• _Exercise requirements_: Return the listing exactly, please; no pictures.

• _Given data_:
⟨
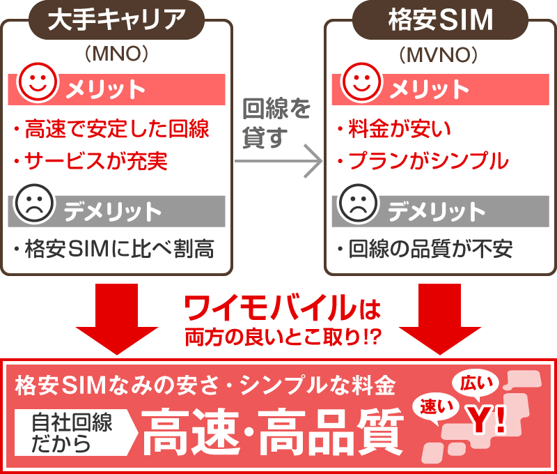 ワイモバイル(Y!mobile)は、ソフトバンクが運営するモバイル事業の格安SIMサービスです。
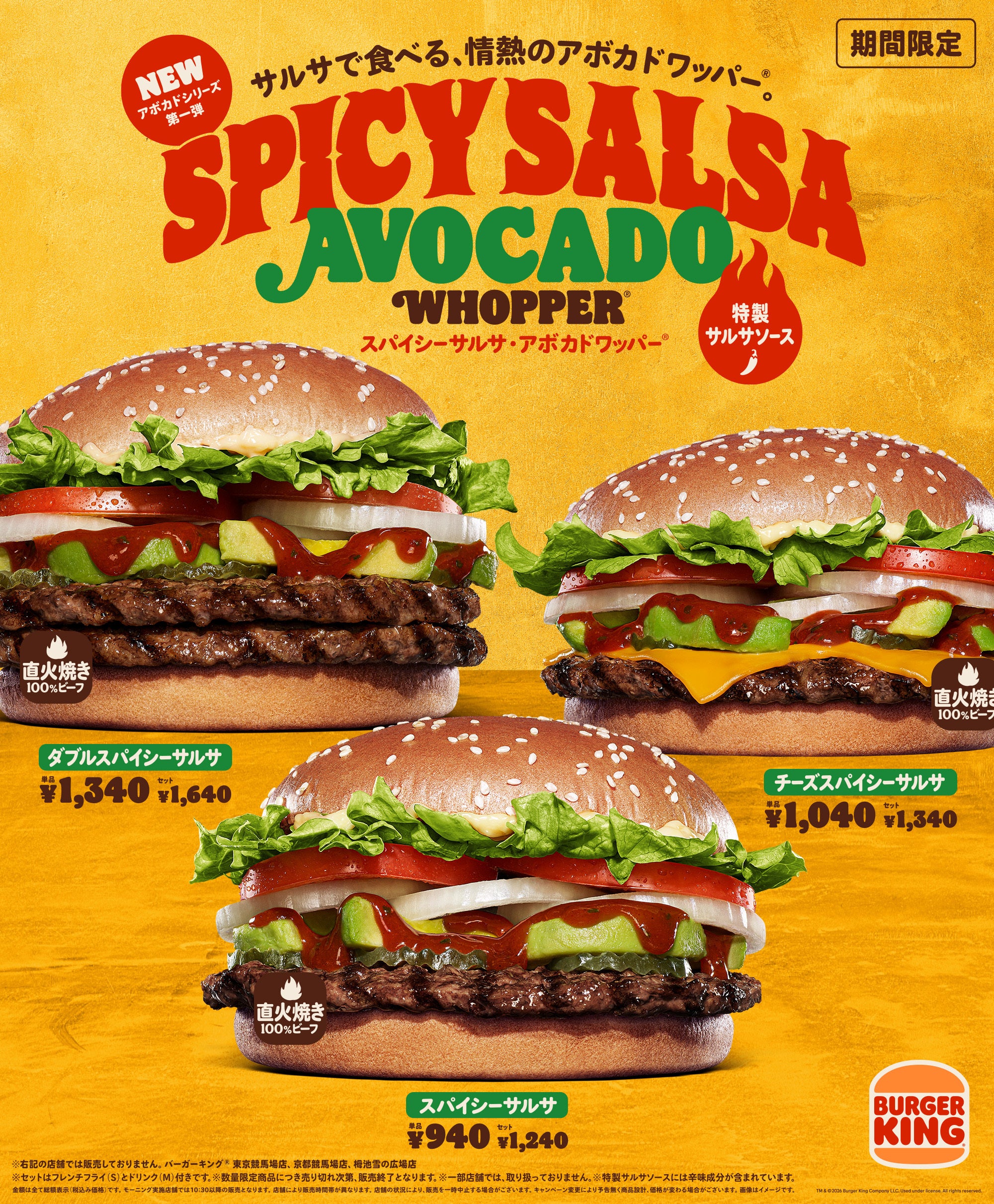 バーガーキングは2月27日より、「アボカドワッパー」の新作「スパイシーサルサ・アボカドワッパー」3種を期間限定で発売します。
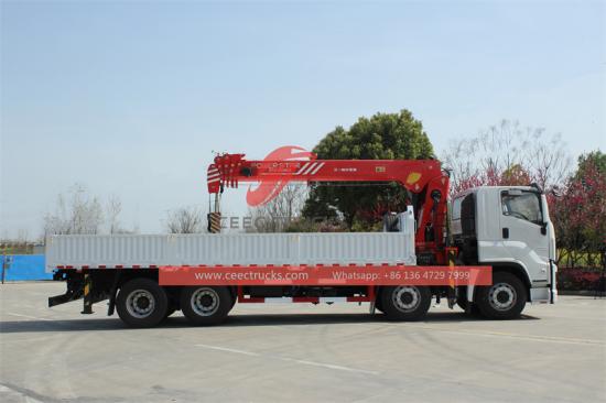 Customized to equipped with remote control device五十铃GIGA 8x4随车起重机是一款集起重运输于一体的专用卡车。它搭载五十铃品牌6WG1柴油发动机,拥有460马力的强劲动力,在工程作业中大显身手。同时,它配备了经典的GIGA驾驶室,可容纳三人,并配备空调。无论严寒酷暑,都能为驾驶员营造安静舒适的驾驶环境,有效缓解长途驾驶和高强度作业的疲劳。五十铃GIGA 18吨随车起重机的上部配备了伸缩臂起重机,最大起重量为18吨,最大高度为18.5米,可360°旋转。多语言控制面板(包括英语)使世界各地的操作员都能轻松上手,无障碍操作。五十铃GIGA国产装载机起重车还提供多种选装配置,例如伸缩臂起重机、液压自卸箱、根据需求定制的箱体厚度和高度以及选装的遥控箱。选择五十铃GIGA国产装载机起重车,意味着选择更高的作业效率、更低的运营成本和更广阔的商业可能性。它是工程建设、物流运输、设备安装等领域的理想全能手。
⟩
• _Answer for this exercise_:
 ワイモバイル(Y!mobile)は、ソフトバンクが運営するモバイル事業の格安SIMサービスです。
 バーガーキングは2月27日より、「アボカドワッパー」の新作「スパイシーサルサ・アボカドワッパー」3種を期間限定で発売します。
 Customized to equipped with remote control device五十铃GIGA 8x4随车起重机是一款集起重运输于一体的专用卡车。它搭载五十铃品牌6WG1柴油发动机,拥有460马力的强劲动力,在工程作业中大显身手。同时,它配备了经典的GIGA驾驶室,可容纳三人,并配备空调。无论严寒酷暑,都能为驾驶员营造安静舒适的驾驶环境,有效缓解长途驾驶和高强度作业的疲劳。五十铃GIGA 18吨随车起重机的上部配备了伸缩臂起重机,最大起重量为18吨,最大高度为18.5米,可360°旋转。多语言控制面板(包括英语)使世界各地的操作员都能轻松上手,无障碍操作。五十铃GIGA国产装载机起重车还提供多种选装配置,例如伸缩臂起重机、液压自卸箱、根据需求定制的箱体厚度和高度以及选装的遥控箱。选择五十铃GIGA国产装载机起重车,意味着选择更高的作业效率、更低的运营成本和更广阔的商业可能性。它是工程建设、物流运输、设备安装等领域的理想全能手。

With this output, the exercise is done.